May –
I got a little carried away working my night shift and accidentally wrote about a page of commentary on May in coincidental enthusiasm and boredom. Suffice it to say that May is a delightfully oddball yet also reflective horror film about isolation, female sexual desire, and obsession with aesthetics. It’s probably not for everybody, but those for whom it is are certain to love it.Memories of Murder –
Memories of Murder is unlike any movie you’ve ever seen, unless you have seen Mother. This may be the best entry point to Korean New Wave cinema, intermittently hilarious, suspenseful, and dizzying in its presentation.
I will admit that Moana is far from a perfect movie. In fact, I could probably fill a page or two with things I would change in it – some irritating lines of dialogue, a lame song in the middle act, the way her hair never stays wet very long. It’s also the first Disney movie in a really long time I can envision myself watching over and over again without getting bored, like Shrek or How To Train Your Dragon (both of which it resembles a lot), as well as the first Disney movie in a while that didn’t have some severely dating social agenda to grind and just contented itself with telling a good story about two people learning to respect each other. I’m still in shock at just how great it was. I. Am. Moanaaaaa.
Mother –
Mother is unlike any movie you’ve ever seen, unless you have seen Memories of Murder. Of the two, this one packs more of an emotional punch and may linger longer for that reason. Bong Joon-ho cleverly builds the end into the opening credits, but one can’t understand the significance of it until the story has run its breathtaking course.
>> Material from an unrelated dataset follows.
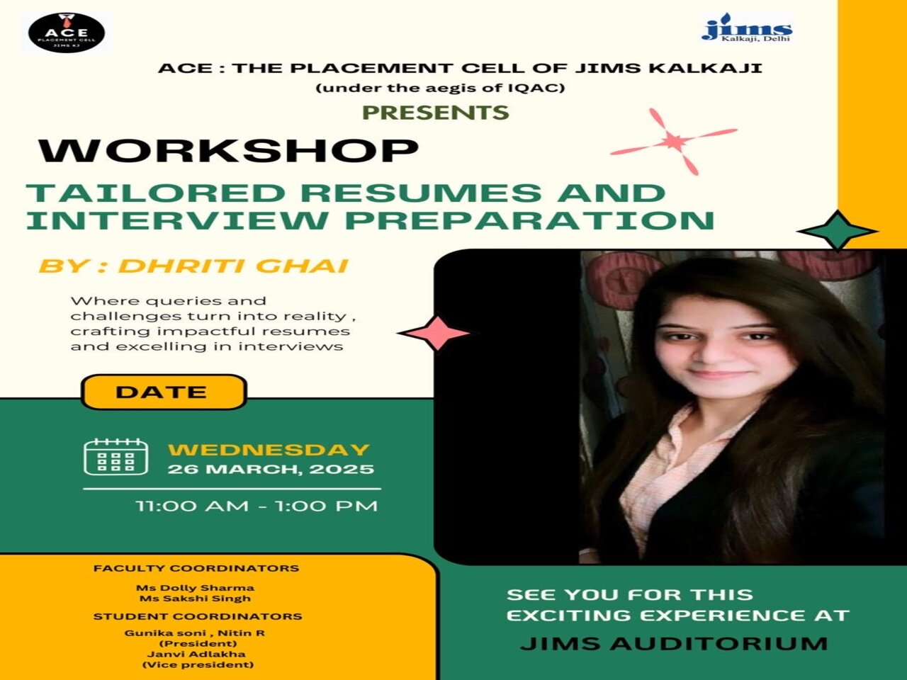 On 26th March 2025, ACE, the placement cell of JIMS Kalkaji, conducted a Tailored Resumes and Interview Preparation Session.The session focused on how students can optimize their resumes to match specific job descriptions and excel in interviews.Tailoring Resumes: Mr. Tarun emphasized the importance of aligning resumes with job descriptions, focusing on ATS optimization, using relevant keywords, and structuring resumes to highlight key skills and experiences.Interview Preparation: Ms. Dhriti Ghai covered strategies for researching about the company, and how to prepare answers of interview questions using STAR method, Quantifying method and more.

I will admit up front that I don’t admire Perfect Blue as much as some other movies on the list; in fact, one might view its inclusion as a kind of affirmative-action for alternative animations. But here we have to ask if affirmative-action is even inherently bad when it comes to cinema. If it’s good enough for the Oscars (and we all know the Oscars have never, ever honored crappy movies), then it’s good enough for us. Regardless of politics, Perfect Blue is still an entrancing thriller by all measures, whisked along by jarring transitions, freakish animated imagery, desperate violence, and a perspective that keeps getting more and more unmoored from reality as we know it. If you’ve already seen Black Swan, you should feel obligated to watch the crazier, more visionary original that inspired it. I should also note that this isn’t a movie to watch in public or with judgmental people, unless you don’t mind people thinking you’re weird.
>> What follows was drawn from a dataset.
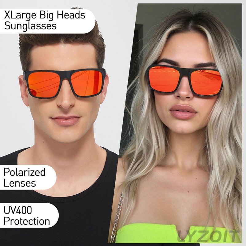 - XL Sunglasses for Big Heads: LYZOIT square sunglasses made with a wide frame sunglasses design, they cater to those in need of sunglasses for extra large size. These mens xl blackout sunglasses provide both maximum comfort and durability.

Perfume can aptly be described as the anti-Les Miserables, employing much of the same apparel and décor but designed to polarize, repel, and offend. The sensualist movie manages to be at once massive in scope and incredibly tactile, and like Les Mis it’s highly musical, though it aims to be more eerie and haunting than anything else. For a great (and funny) video further extolling Perfume, albeit by sampling scenes taken from very late in the film, check out Twin Perfect’s video on it here.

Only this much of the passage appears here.